━━━ DATASET EXCERPTS ━━━
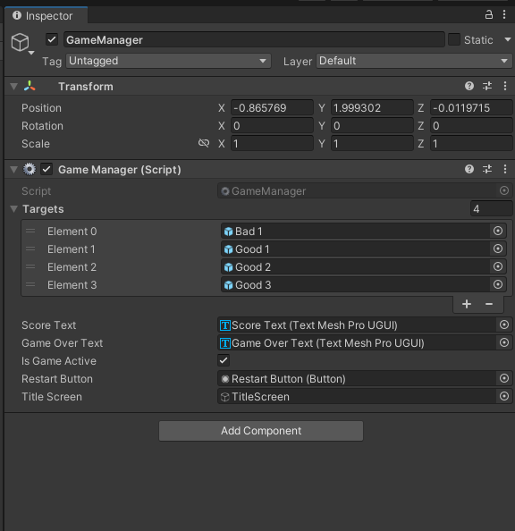 GameManager 스크립트에 TitleScreen 게임 오브젝트를 할당합니다.
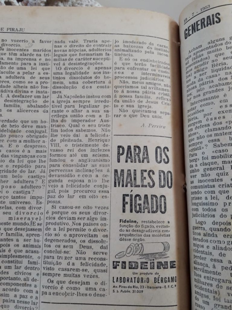 Talvez até ironicamente, logo abaixo do artigo de Pereira foi posto um anúncio do medicamento “Fideïne”, indicado para males do fígado. Tantas décadas depois, descobrir se a equipe do “Comércio” de fato usou da propaganda para debochar das barbaridades proferidas por Pereira é missão impossível.
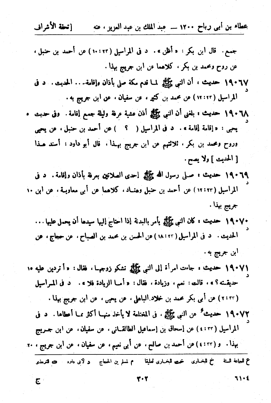 19068 -[د] حديث: بلغني أن النبي صَلَّى اللَّهُ عَلَيْهِ وَسَلَّمَ أذن عشية عرفة وليلة جمع إقامة. وفي حديث يحيى: إقامة إقامة. (د) في المراسيل (؟) عن أحمد بن حنبل، عن يحيى وروح ومحمد بن بكر، ثلاثتهم عن ابن جريج بهذا، قال أبو داود: أسند هذا [الحديث] ولا يصح.
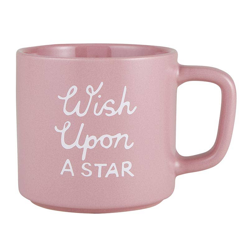 Reads: Wish upon a star • Inside bottom of mug features metallic gold star • Perfect gift for her! • Not dishwasher or microwave safe • Metallic gold foil • Features art from Vicky Yorke • Material: Stoneware • Size: 3.5" H, 14oz • Care Instructions: Hand Wash Only - Do Not Microwave
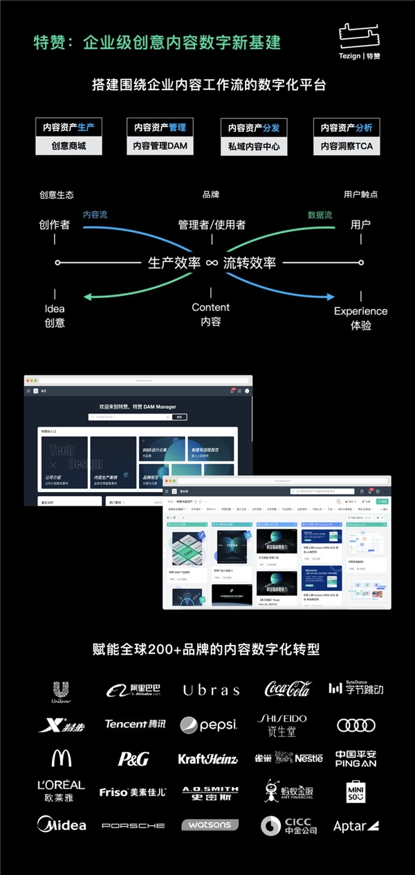 特赞Tezign 的使命是用科技赋能商业和社会的想象力。自2015年创业以来,始终专注于技术与创意的融合,致力于搭建创意内容的数字新基建,为全球品牌提供内容体验的生产、管理、分发、分析的解决方案,赋能品牌的内容数字化转型,助力品牌以内容驱动增长。
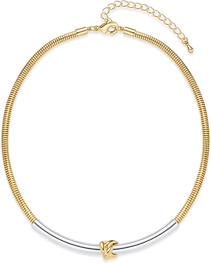 This 18k Gold Two Tone Knot Necklace by Liv Oliver embodies timeless elegance and delicate sophistication. Expertly plated in rich 18k gold, the necklace showcases a refined two-tone design with an intricately knotted pendant, symbolizing the powerful connection of love, friendship, and unity. Ideal for everyday wear, this versatile necklace adds understated luxury to your daily style, pairing perfectly with casual or formal ensembles. Effortlessly chic when worn alone, yet equally stunning layered with other fine necklaces.
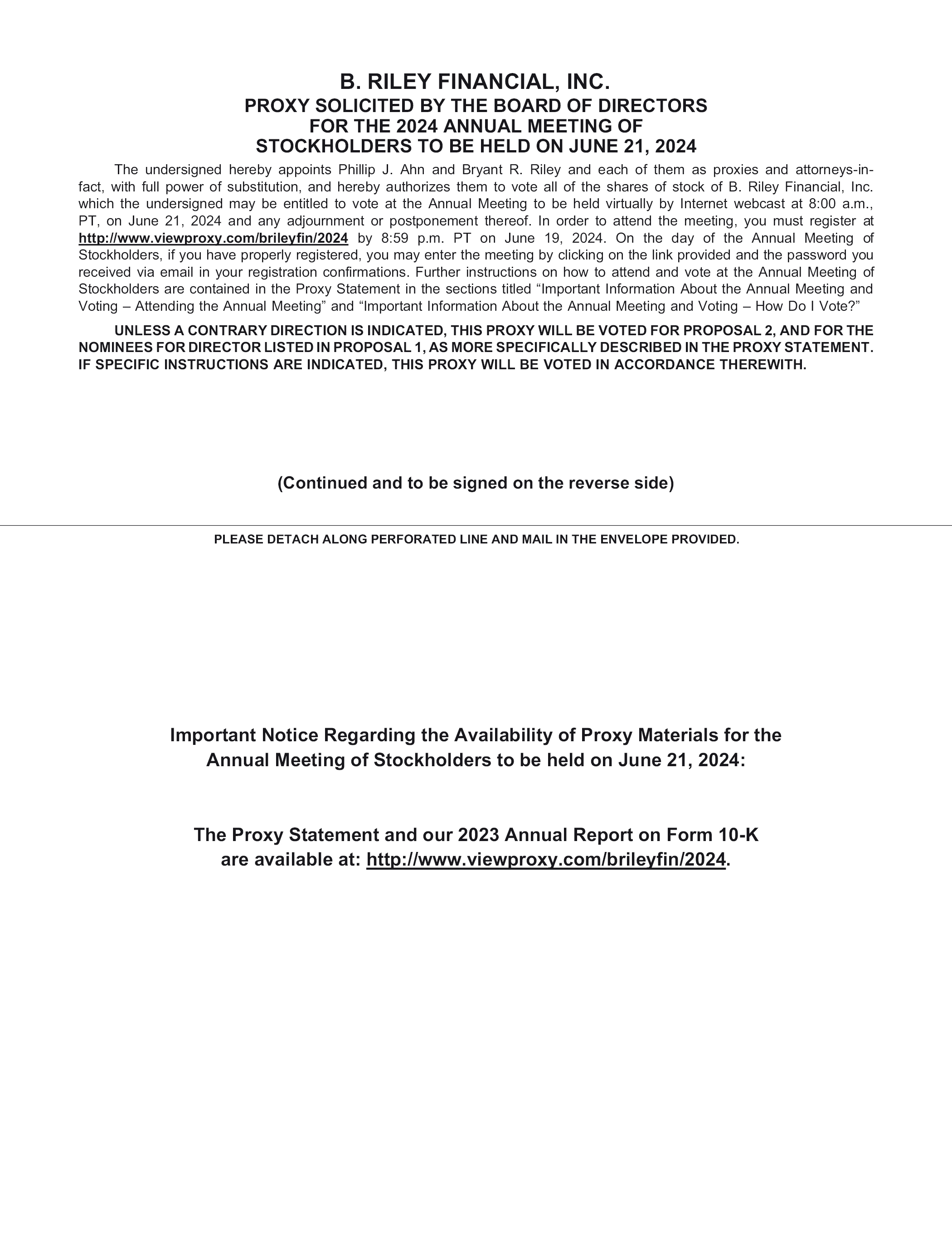 B. RILEY FINANCIAL, INC. PROXY SOLICITED BY THE BOARD OF DIRECTORS FOR THE 2024 ANNUAL MEETING OF STOCKHOLDERS TO BE HELD ON JUNE 21, 2024 The undersigned hereby appoints Phillip J. Ahn and Bryant R. Riley and each of them as proxies and attorneys-in- fact, with full power of substitution, and hereby authorizes them to vote all of the shares of stock of B. Riley Financial, Inc. which the undersigned may be entitled to vote at the Annual Meeting to be held virtually by Internet webcast at 8:00 a.m., PT, on June 21, 2024 and any adjournment or postponement thereof. In order to attend the meeting, you must register at http://www.viewproxy.com/brileyfin/2024 by 8:59 p.m. PT on June 19, 2024. On the day of the Annual Meeting of Stockholders, if you have properly registered, you may enter the meeting by clicking on the link provided and the password you received via email in your registration confirmations. Further instructions on how to attend and vote at the Annual Meeting of Stockholders are contained in the Proxy Statement in the sections titled “Important Information About the Annual Meeting and Voting – Attending the Annual Meeting” and “Important Information About the Annual Meeting and Voting – How Do I Vote?” UNLESS A CONTRARY DIRECTION IS INDICATED, THIS PROXY WILL BE VOTED FOR PROPOSAL 2, AND FOR THE NOMINEES FOR DIRECTOR LISTED IN PROPOSAL 1, AS MORE SPECIFICALLY DESCRIBED IN THE PROXY STATEMENT. IF SPECIFIC INSTRUCTIONS ARE INDICATED, THIS PROXY WILL BE VOTED IN ACCORDANCE THEREWITH. (Continued and to be signed on the reverse side) PLEASE DETACH ALONG PERFORATED LINE AND MAIL IN THE ENVELOPE PROVIDED. Important Notice Regarding the Availability of Proxy Materials for the Annual Meeting of Stockholders to be held on June 21, 2024: The Proxy Statement and our 2023 Annual Report on Form 10-K are available at: http://www.viewproxy.com/brileyfin/2024.
━━━
**THE TASK:** If an entry contains an image, print the rest of that entry exactly and leave the image out.

**TASK SOLUTION:**
 GameManager 스크립트에 TitleScreen 게임 오브젝트를 할당합니다.
 Talvez até ironicamente, logo abaixo do artigo de Pereira foi posto um anúncio do medicamento “Fideïne”, indicado para males do fígado. Tantas décadas depois, descobrir se a equipe do “Comércio” de fato usou da propaganda para debochar das barbaridades proferidas por Pereira é missão impossível.
 19068 -[د] حديث: بلغني أن النبي صَلَّى اللَّهُ عَلَيْهِ وَسَلَّمَ أذن عشية عرفة وليلة جمع إقامة. وفي حديث يحيى: إقامة إقامة. (د) في المراسيل (؟) عن أحمد بن حنبل، عن يحيى وروح ومحمد بن بكر، ثلاثتهم عن ابن جريج بهذا، قال أبو داود: أسند هذا [الحديث] ولا يصح.
 Reads: Wish upon a star • Inside bottom of mug features metallic gold star • Perfect gift for her! • Not dishwasher or microwave safe • Metallic gold foil • Features art from Vicky Yorke • Material: Stoneware • Size: 3.5" H, 14oz • Care Instructions: Hand Wash Only - Do Not Microwave
 特赞Tezign 的使命是用科技赋能商业和社会的想象力。自2015年创业以来,始终专注于技术与创意的融合,致力于搭建创意内容的数字新基建,为全球品牌提供内容体验的生产、管理、分发、分析的解决方案,赋能品牌的内容数字化转型,助力品牌以内容驱动增长。
 This 18k Gold Two Tone Knot Necklace by Liv Oliver embodies timeless elegance and delicate sophistication. Expertly plated in rich 18k gold, the necklace showcases a refined two-tone design with an intricately knotted pendant, symbolizing the powerful connection of love, friendship, and unity. Ideal for everyday wear, this versatile necklace adds understated luxury to your daily style, pairing perfectly with casual or formal ensembles. Effortlessly chic when worn alone, yet equally stunning layered with other fine necklaces.
 B. RILEY FINANCIAL, INC. PROXY SOLICITED BY THE BOARD OF DIRECTORS FOR THE 2024 ANNUAL MEETING OF STOCKHOLDERS TO BE HELD ON JUNE 21, 2024 The undersigned hereby appoints Phillip J. Ahn and Bryant R. Riley and each of them as proxies and attorneys-in- fact, with full power of substitution, and hereby authorizes them to vote all of the shares of stock of B. Riley Financial, Inc. which the undersigned may be entitled to vote at the Annual Meeting to be held virtually by Internet webcast at 8:00 a.m., PT, on June 21, 2024 and any adjournment or postponement thereof. In order to attend the meeting, you must register at http://www.viewproxy.com/brileyfin/2024 by 8:59 p.m. PT on June 19, 2024. On the day of the Annual Meeting of Stockholders, if you have properly registered, you may enter the meeting by clicking on the link provided and the password you received via email in your registration confirmations. Further instructions on how to attend and vote at the Annual Meeting of Stockholders are contained in the Proxy Statement in the sections titled “Important Information About the Annual Meeting and Voting – Attending the Annual Meeting” and “Important Information About the Annual Meeting and Voting – How Do I Vote?” UNLESS A CONTRARY DIRECTION IS INDICATED, THIS PROXY WILL BE VOTED FOR PROPOSAL 2, AND FOR THE NOMINEES FOR DIRECTOR LISTED IN PROPOSAL 1, AS MORE SPECIFICALLY DESCRIBED IN THE PROXY STATEMENT. IF SPECIFIC INSTRUCTIONS ARE INDICATED, THIS PROXY WILL BE VOTED IN ACCORDANCE THEREWITH. (Continued and to be signed on the reverse side) PLEASE DETACH ALONG PERFORATED LINE AND MAIL IN THE ENVELOPE PROVIDED. Important Notice Regarding the Availability of Proxy Materials for the Annual Meeting of Stockholders to be held on June 21, 2024: The Proxy Statement and our 2023 Annual Report on Form 10-K are available at: http://www.viewproxy.com/brileyfin/2024.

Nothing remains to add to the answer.